DALLAS — Vice President Mike Pence will be a keynote speaker at the National Rifle Association’s convention in Dallas this week, and unlike the rest of the convention’s events, guns will not be allowed.
The vice president will speak at the NRA Institute for Legislative Action leadership forum at the convention May 4 as part of a “powerful lineup of pro-freedom speakers,” the association announced last week.
The NRA website’s event page for the forum says “firearms and firearm accessories, knives or weapons of any kind” are banned from the forum before and during Pence’s attendance. Because the vice president will be there, the U.S. Secret Service is in charge of event security, the NRA website says.
Cameron Kasky, a survivor of the Parkland, Fla., shooting at Marjory Stoneman Douglas High School, shared a screenshot of the weapons ban on Twitter, calling the NRA a “hilarious parody of itself.”
Fred Guttenberg, father of Jaime Guttenberg, who was killed in the Parkland shooting, chimed in: “I thought giving everyone a gun was to enhance safety. Am I missing something?”
The Secret Service policy banning weapons at the event is routine at settings involving presidents, vice presidents or other individuals they’re protecting. For example, guns were banned at the 2016 Republican National Convention in Cleveland.

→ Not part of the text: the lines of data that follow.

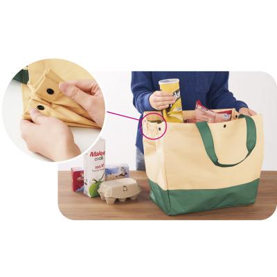 食材の買い出しからアウトドアでも使えるトートーバッグ。バッグ内側はアルミ蒸着加工が施されており、マチがしっかりとありレジカゴにセットしやすく、お買い物に最適です。マチのボタンを外せば容量もたっぷり!間口もボタンで留められ、持ち手は肩掛けでき、持ち運びに便利です。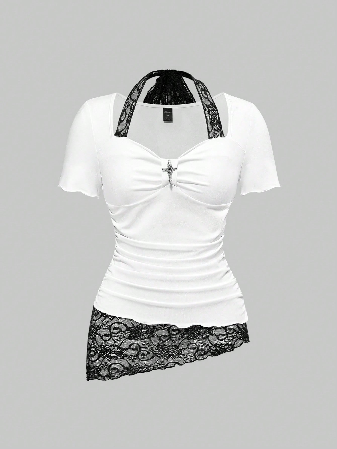 تي شيرت نسائي بحاشية غير متماثلة من البتلات المحبوكة وربطة الرقبة والخصر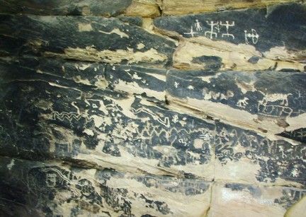 May 24, 2007 Twenty-five years later the locust has hardly grown at all. Not surprisingly, since it is well under the overhanging cliff and receives little direct precipitation. It is also heavily shaded by the cliff and surrounding coniferous trees. It is very good to see that the droves of people who have visited these carvings since 1972 have had little or no effect on this group of carvings. |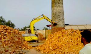 গুঁড়িয়ে দেওয়া হলো অবৈধ ইটভাটার চিমনি, লাখ টাকা জরিমানা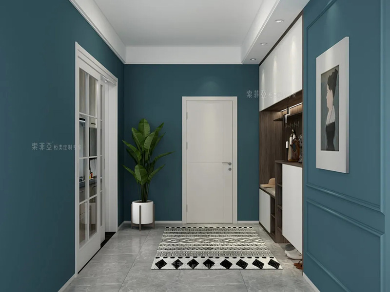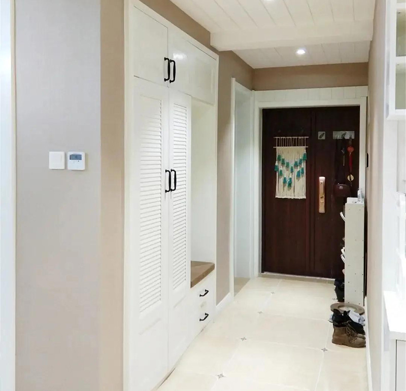 把入戶櫃直接做進墻,櫃子入墻減少了櫃體的占地面積,在玄關這個小空間里特別實用。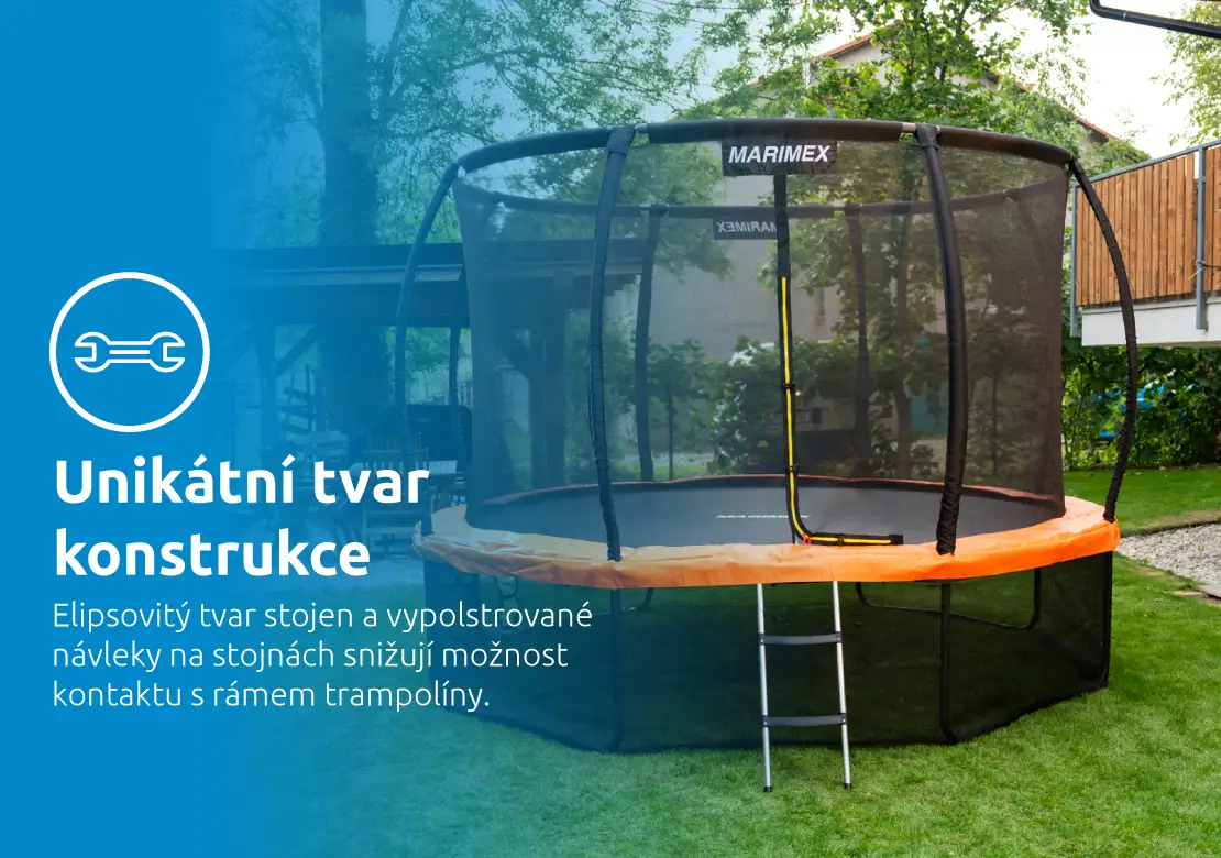 Prémiová řada se vyznačuje elipsovitým tvarem stojen, který spolu s polstrovanými návleky výrazně snižuje riziko kontaktu s rámem. Klíčovým prvkem je také vnitřní ochranná síť bránící vypadnutí mimo skákací plochu a zamezující šlápnutí do oblasti pružin. Bezpečnost zvyšuje i řada dalších detailů, jako pružiny skryté pod ochranným krytem, protiskluzové schůdky, úprava skákací plochy zabraňující odření pokožky i vstup zajištěný pomocí zipu a přezek. Každá část konstrukce je navržena s důrazem na bezpečnost, která je pro Marimex absolutní prioritou. S tím souvisí i splnění přísných bezpečnostních norem.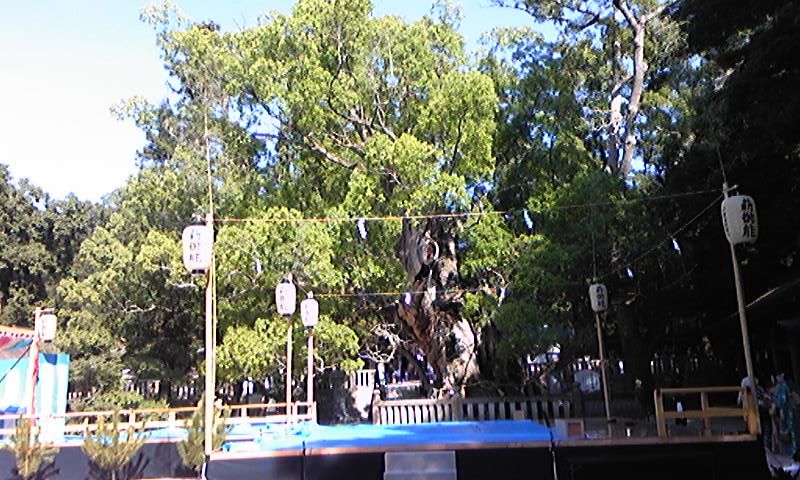 向こうに見えるものは、樹齢2600年を誇る御神木。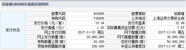 中国证券网讯 根据交易所公告,珀莱雅化妆品股份有限公司于2017年11月3日进行网上和网下申购。本次发行股份数量为 5,000 万股,回拨机制启动前,网下初始发行3,000万股,占本次发行规模的60%;网上初始发行数量为2,000 万股,占本次发行数量的 40%。
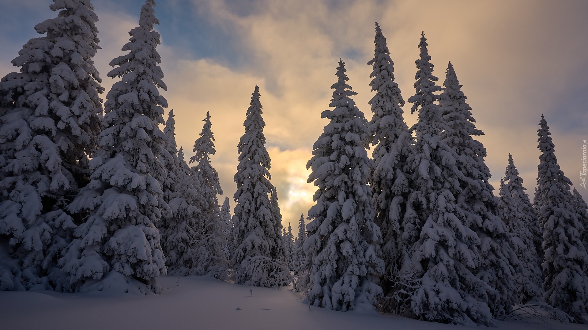Edytor tapety: Drzewa iglaste w śniegu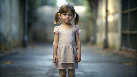 Young girl standing alone in a narrow alley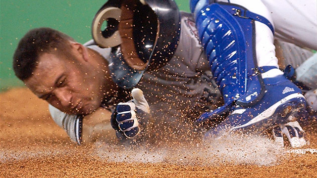 “The throw was from (Carlos) Delgado and it was a little bit behind me, toward home plate, so as I was running full speed, I had to reach back behind me to catch the ball, and I was running, my whole game-plan was to catch it, slide on my knees in front of the base and then hope he would slide into me trying to get to the base. But we happened to get there at the same time.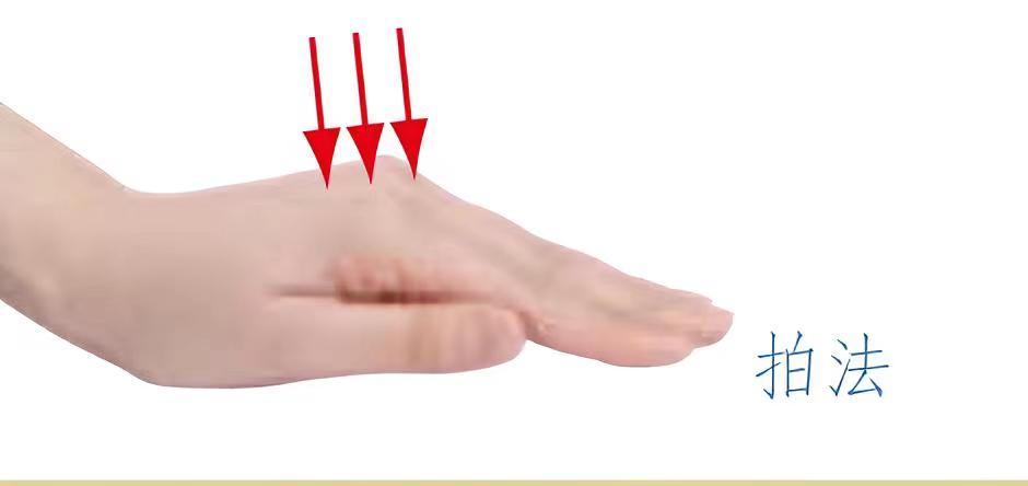 拍法的动作要领为,五指并拢,掌指关节微屈,使掌心空虚形成空腔。大拇指贴于食指第二指关节,手腕关节放松,小臂发力,上下挥臂,平稳而有节奏地用虚掌拍打肌肉部位。若用双掌拍打,两手交替操作,指先落,腕后落;腕先抬,指后抬。

Other scheduled speakers at the forum include Texas Gov. Greg Abbott, Sen. John Cornyn, Sen. Ted Cruz and NRA leaders.
“It’s an honor to have Vice President Pence address our members in Dallas,” said Chris W. Cox, executive director of the institute, the NRA’s lobbying arm. “He is a lifetime supporter of the Second Amendment, and he has a long a record of fighting to defend our freedoms.”
President Donald Trump spoke at the NRA’s convention last year in Atlanta, thanking thousands of gun enthusiasts for their support during the 2016 election, The New York Times reported. The gun rights group spent about $11 million to support Trump in the 2016 election and more than $19 million against his opponent, Hillary Clinton.
“The eight-year assault on your Second Amendment freedoms has come to a crashing end,” Trump told the crowd then. “You have a true friend and champion in the White House.”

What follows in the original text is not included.